Current state: "Draft"

Discussion thread: here [Change the link from the KIP proposal email archive to your own email thread]

JIRA: here [Change the link from KAFKA-1 to your own ticket]

Please keep the discussion on the mailing list rather than commenting on the wiki (wiki discussions get unwieldy fast).

Background

2PC Refresher

Two phase commit (a.k.a. 2PC) protocol is used to implement distributed transactions across multiple participants.  Each participant manages its own state that is not recovered from other participants (if some datasets can be fully recovered from another source they are considered as one participant in 2PC protocol, e.g. a database could have multiple tables and indices, but they are all recovered from one log, so it’s one participant; on the other hand a broker manages multiple partitions but they don’t recover from each other, so they are multiple participants).  One of the participants (or a separate entity) is designated to be a transaction coordinator.  A transaction coordinator could be different for each transaction (e.g. the first participant of a transaction becomes the transaction coordinator) or it could be the same (e.g. if we use a designated transaction coordinator it’s generally used for all transactions); in any case the role of the transaction coordinator for a transaction is that it stores the decision for the transaction outcome (commit or abort) and is able to eventually deliver it to all transaction participants.

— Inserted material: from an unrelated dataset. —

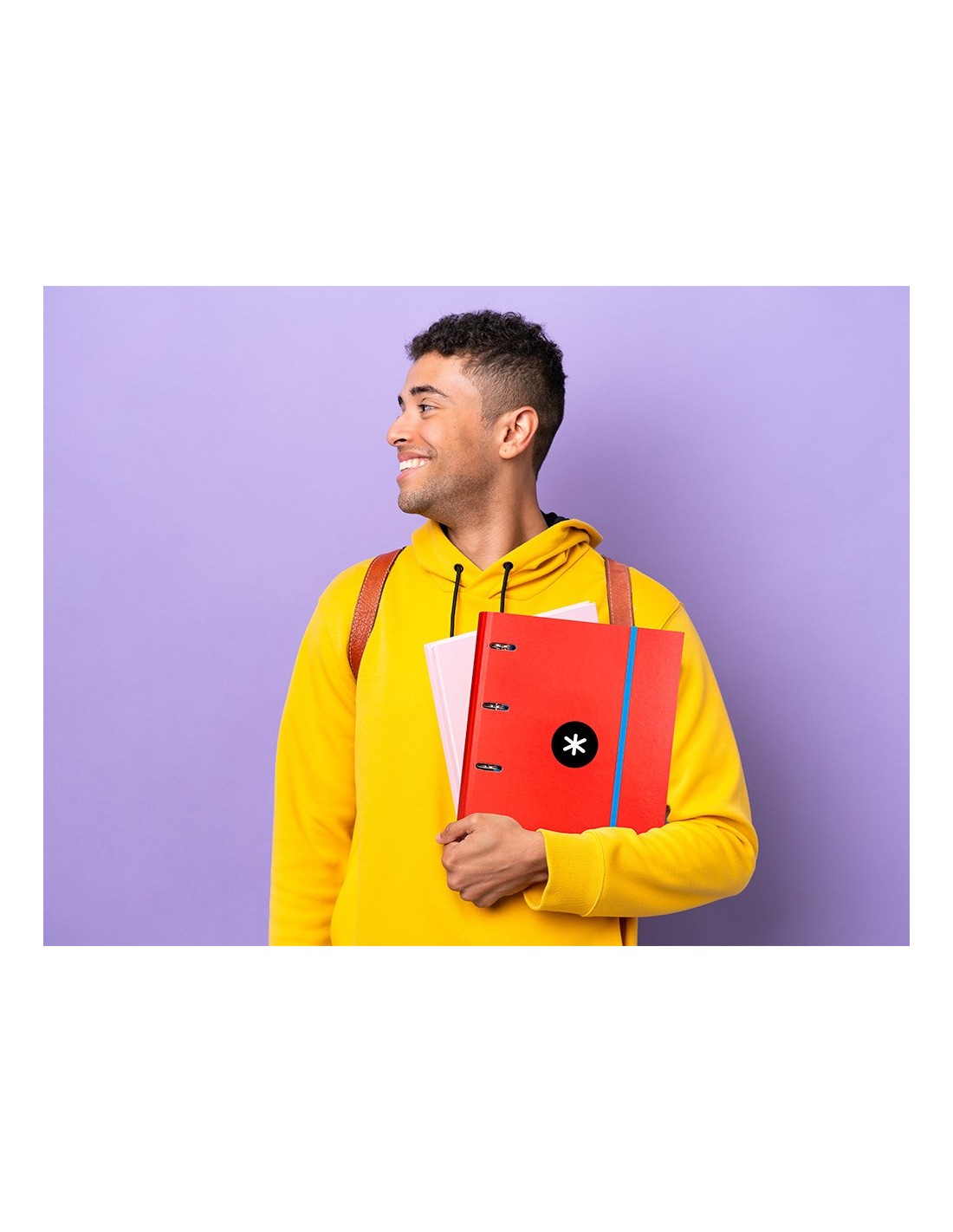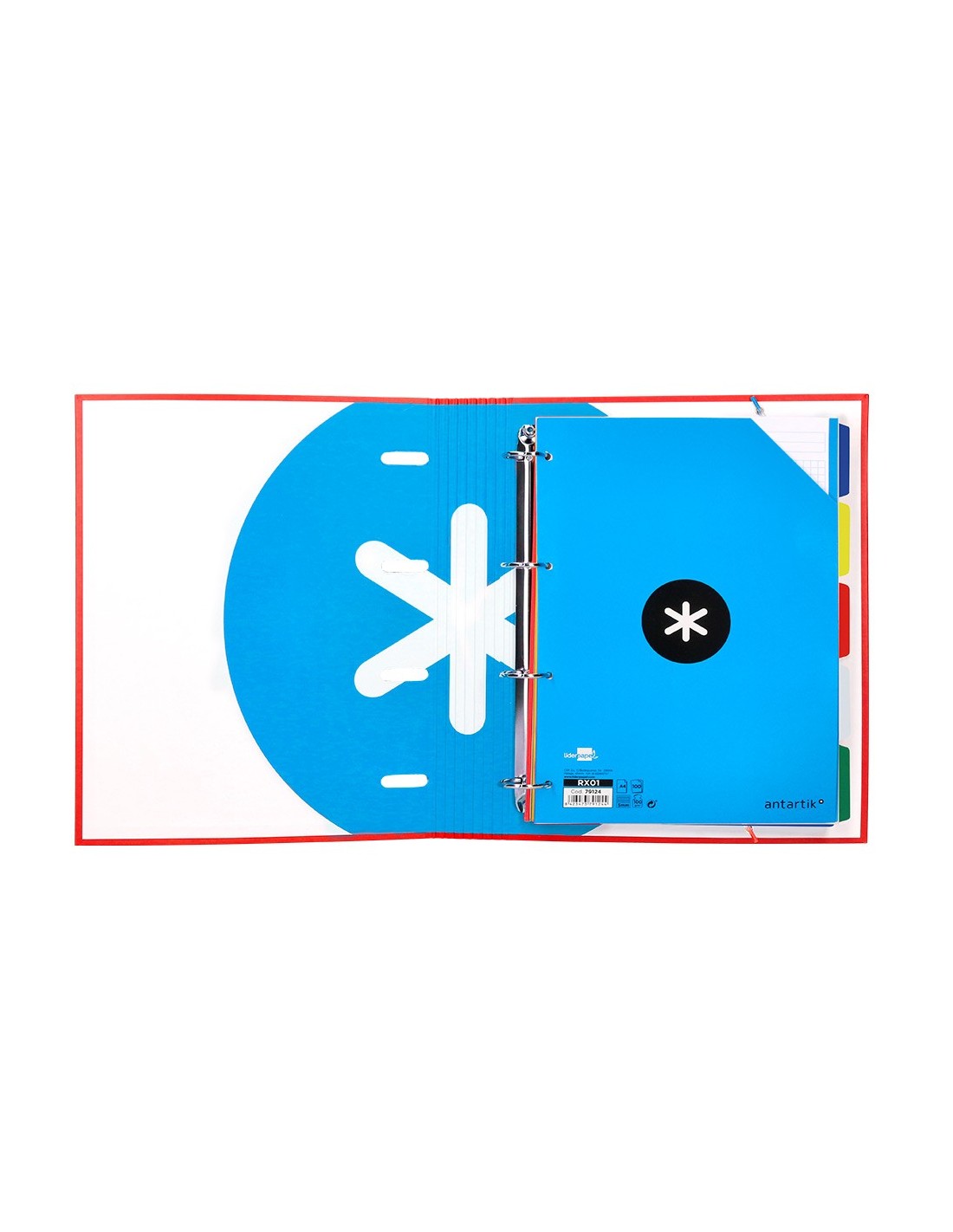TAPA DE CARTÓN FORRADO DE 1,75 MM DE ESPESOR. FORRADA EN PAPEL ESTUCADO MATE DE 135 G/M² IMPRESO. PLASTIFICADA MATE CON DETALLES BARNIZ UVI. 4 ANILLAS REDONDAS. CIERRE DE GOMILLA. CON RANURAS PARA ANILLAS. 100 HOJAS CON 5 BANDAS DE COLOR Y 4 TALADROS. PAPEL INTERIOR EXTRABLANCO DE 90 G/M². ULTR ASUAVE. CUADRÍCULA DE 5 MM. FORMATO DIN A4. GUARDA INTERIOR IMPRESA. LOMO REDONDO, CON SEPARADOR INTERIOR Y SOLAPA.

The 2PC protocol is the following:

  1. Each participant does some atomic transformations.  It is generally assumed that each participant can support non-distributed transactions, in which case no additional logic is required by the 2PC: a failed transaction aborts and gets back to a state before the transaction started.  If any participant fails while doing some atomic transformation, the distributed transaction is aborted.
  2. When a distributed transaction is ready to commit, all participants are asked to prepare the transaction to commit.  This is the PREPARE phase (the first phase of 2PC).  Each participant is free to say ‘yes’ or ‘no’; if any participant says ‘no’ (or just fails or times out or etc.) the transaction is aborted.  If a participant says ‘yes’ during the PREPARE phase, it must be able to commit or abort at will, based on the coordinator’s decision and must remain in-doubt until it receives the coordinator’s decision across all failures of the participant.  A transaction that is prepared in a participant is said to be in an in-doubt state (or just in-doubt transaction) – in this state neither the new nor the old state can be revealed, locks are held, etc.  All failure modes should be eliminated – data must be flushed and cannot be lost on restart, log needs to have space to store the commit marker, etc. – a commit cannot fail.
  3. Once all the participants are prepared, we can make a transaction outcome decision.  It could be either commit or abort.  If any of the participants replied ‘no’ during the PREPARE phase the transaction would be aborted.  If all participants reply ‘yes’ then the transaction coordinator tries to commit the transaction (e.g. by writing a record to its log).  If the commit operation succeeds in the transaction coordinator, then the transaction becomes committed.  This is the COMMIT phase, the 2nd phase of the 2PC protocol.  The decision is communicated to all participants eventually.  The fact that some participants may receive the outcome decision later than the other doesn’t affect correctness, because a participant that hasn't received the decision yet doesn’t reveal the outcome (locks are held, etc.).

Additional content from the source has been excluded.